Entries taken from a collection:
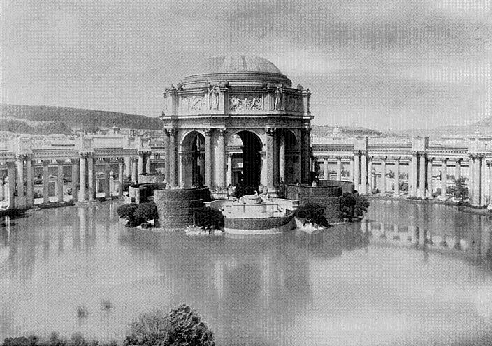 The Palace of Fine Arts at the 1915 Panama-Pacific Exposition.
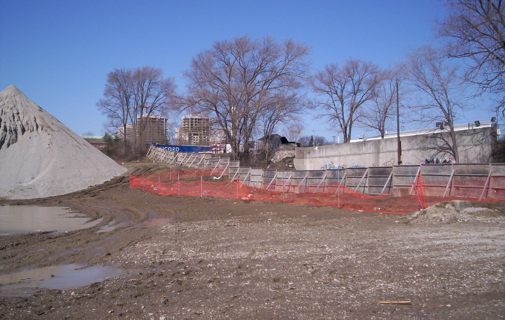 Concord development site, southwest of the Leslie Street and Sheppard Avenue intersection, Toronto, Canada.
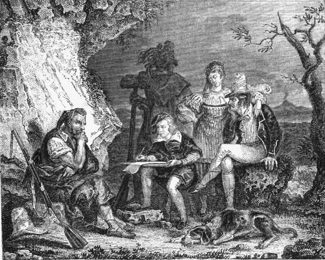 Salvator Rosa depicted with brigants Salvator Rosa mentre dipinge fra i briganti abruzzesi o calabresi
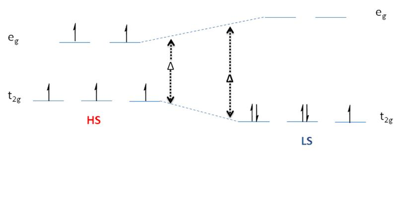 Own Work
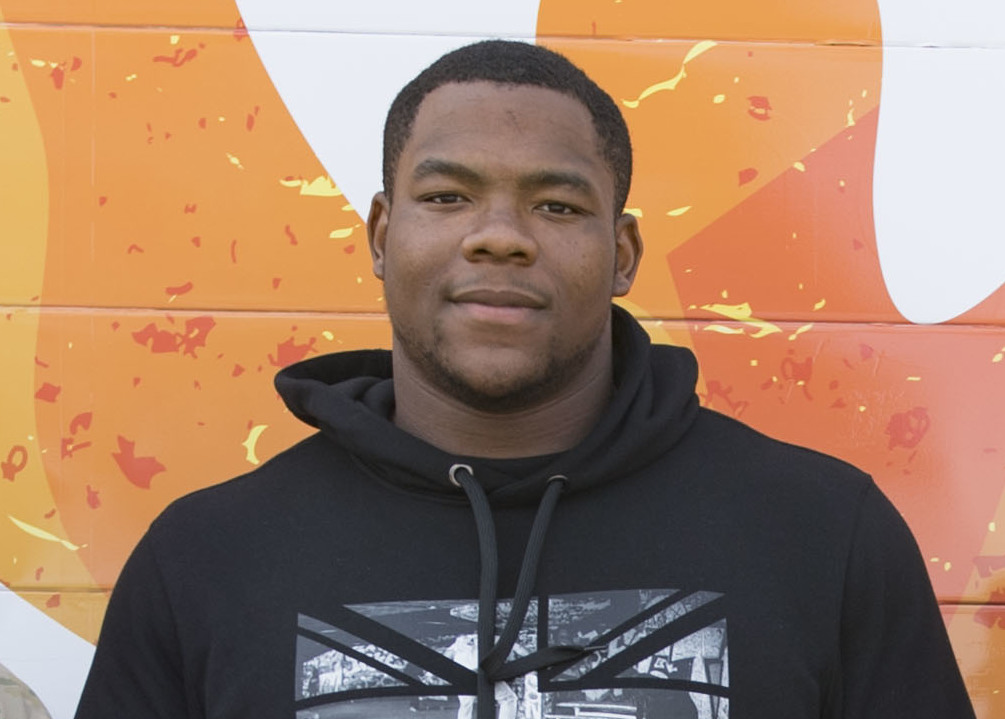 National Football League player Daron Payne, Washington Redskins defensive tackle, and Fort Eustis personnel hold up a football jersey during the grand opening of the Dentrust Optimized Care Solutions mobile treatment facility at Joint Base Langley-Eustis, Virginia, July 8, 2019. Payne received the jersey as a token of appreciation for his efforts to help celebrate the grand opening. (U.S. Air Force photo by Airman 1st Class Monica Roybal)
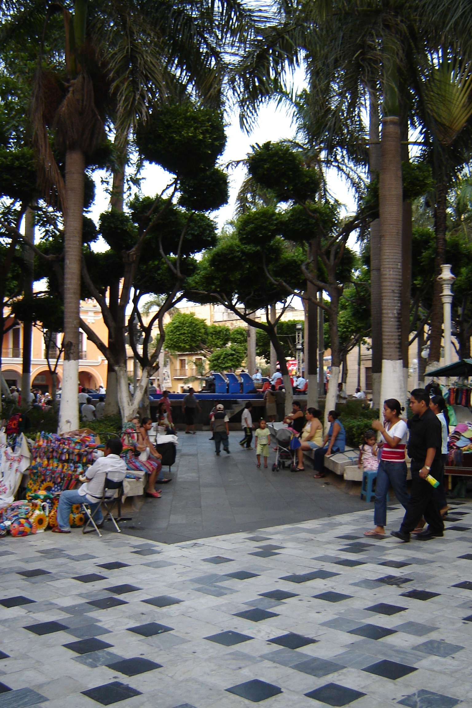 Picture taken by user:asedzie summer 2005.
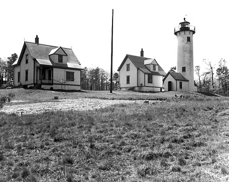 Tisbury West Chop Light Lighthouse - Black and white photograph showing 1891 tower.
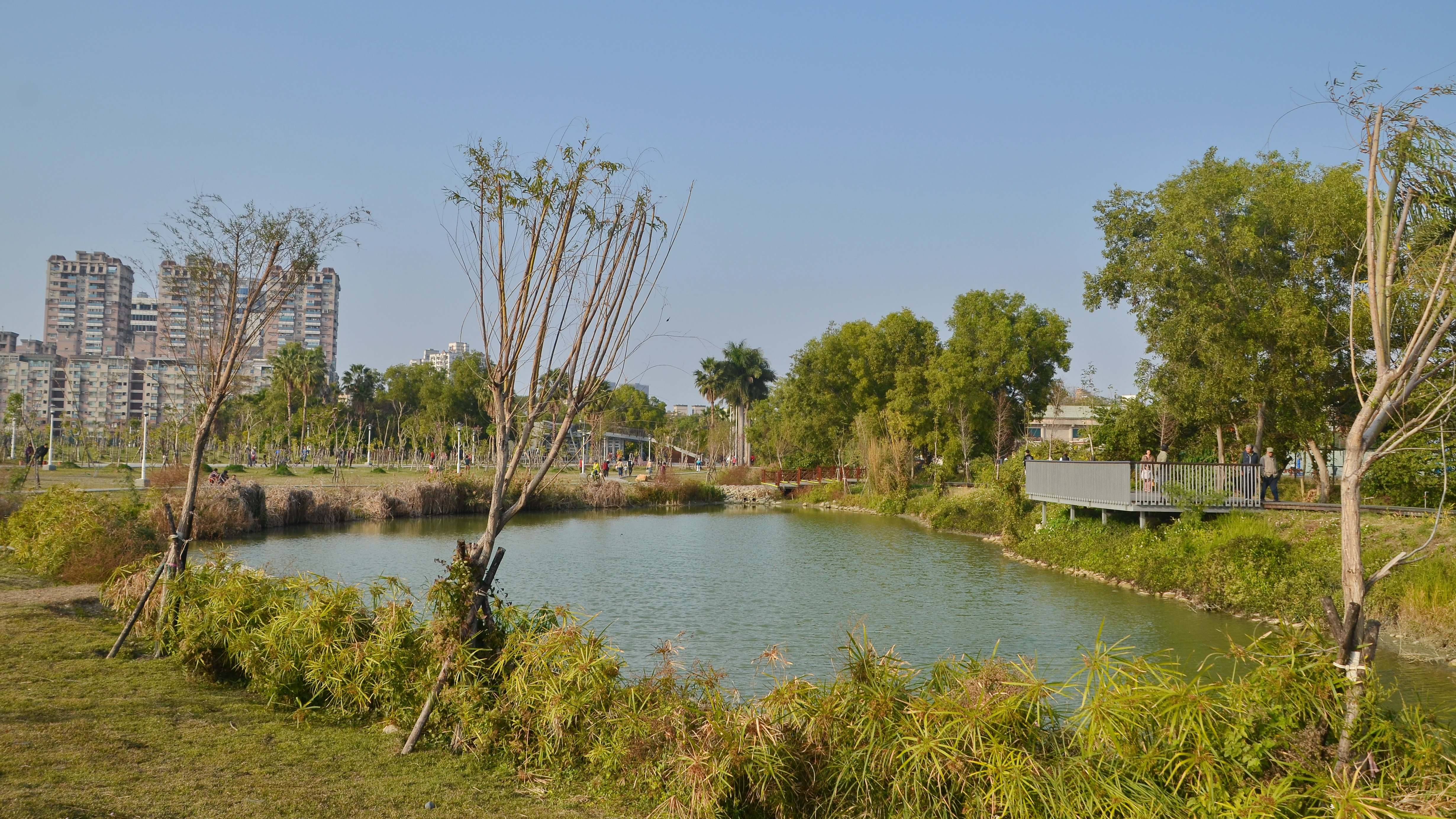 Barclay Memorial Park, Phase 2, Tainan, Taiwan.
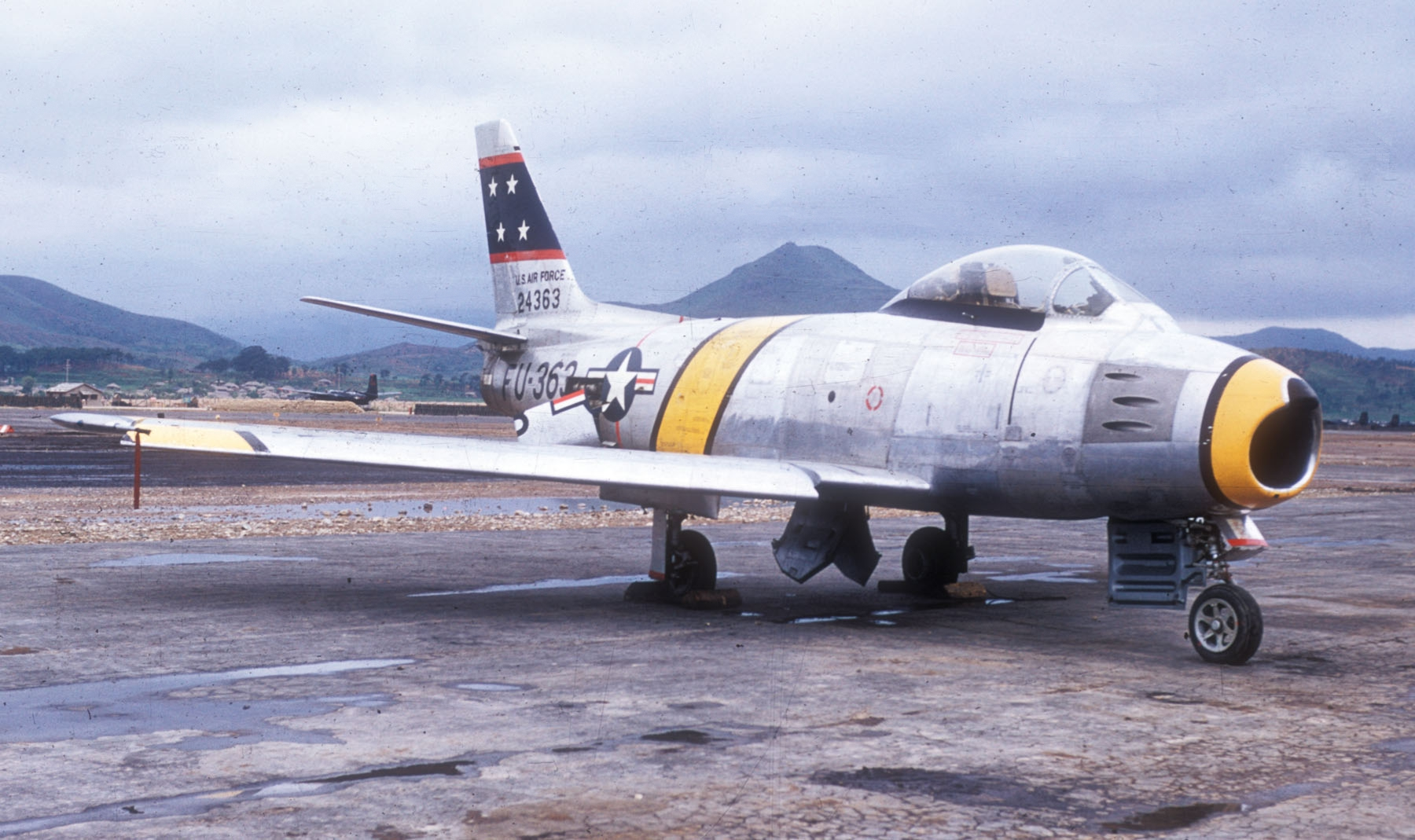 A U.S. Air Force North American F-86F-30-NA Sabre (s/n 52-4363) from the 12th Fighter-Bomber Squadron, 18th Fighter-Bomber Wing, at Taegu Air Base (K-2), Korea, in 1952.
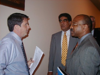 Congressman David Vitter and Orleans Parish District Attorney Eddie Jordan discuss the anti-corruption unit that they are working to fund federally.
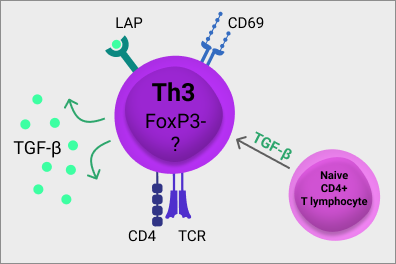 Th3 cells arise from naive CD4+ T lymphocytes in the presence of TGF-β, express CD4, CD69, LAP and produce TGF-β.

_What you need to do_
The data must come back word for word, with every picture removed.

_Answer to this problem_
 The Palace of Fine Arts at the 1915 Panama-Pacific Exposition.
 Concord development site, southwest of the Leslie Street and Sheppard Avenue intersection, Toronto, Canada.
 Salvator Rosa depicted with brigants Salvator Rosa mentre dipinge fra i briganti abruzzesi o calabresi
 Own Work
 National Football League player Daron Payne, Washington Redskins defensive tackle, and Fort Eustis personnel hold up a football jersey during the grand opening of the Dentrust Optimized Care Solutions mobile treatment facility at Joint Base Langley-Eustis, Virginia, July 8, 2019. Payne received the jersey as a token of appreciation for his efforts to help celebrate the grand opening. (U.S. Air Force photo by Airman 1st Class Monica Roybal)
 Picture taken by user:asedzie summer 2005.
 Tisbury West Chop Light Lighthouse - Black and white photograph showing 1891 tower.
 Barclay Memorial Park, Phase 2, Tainan, Taiwan.
 A U.S. Air Force North American F-86F-30-NA Sabre (s/n 52-4363) from the 12th Fighter-Bomber Squadron, 18th Fighter-Bomber Wing, at Taegu Air Base (K-2), Korea, in 1952.
 Congressman David Vitter and Orleans Parish District Attorney Eddie Jordan discuss the anti-corruption unit that they are working to fund federally.
 Th3 cells arise from naive CD4+ T lymphocytes in the presence of TGF-β, express CD4, CD69, LAP and produce TGF-β.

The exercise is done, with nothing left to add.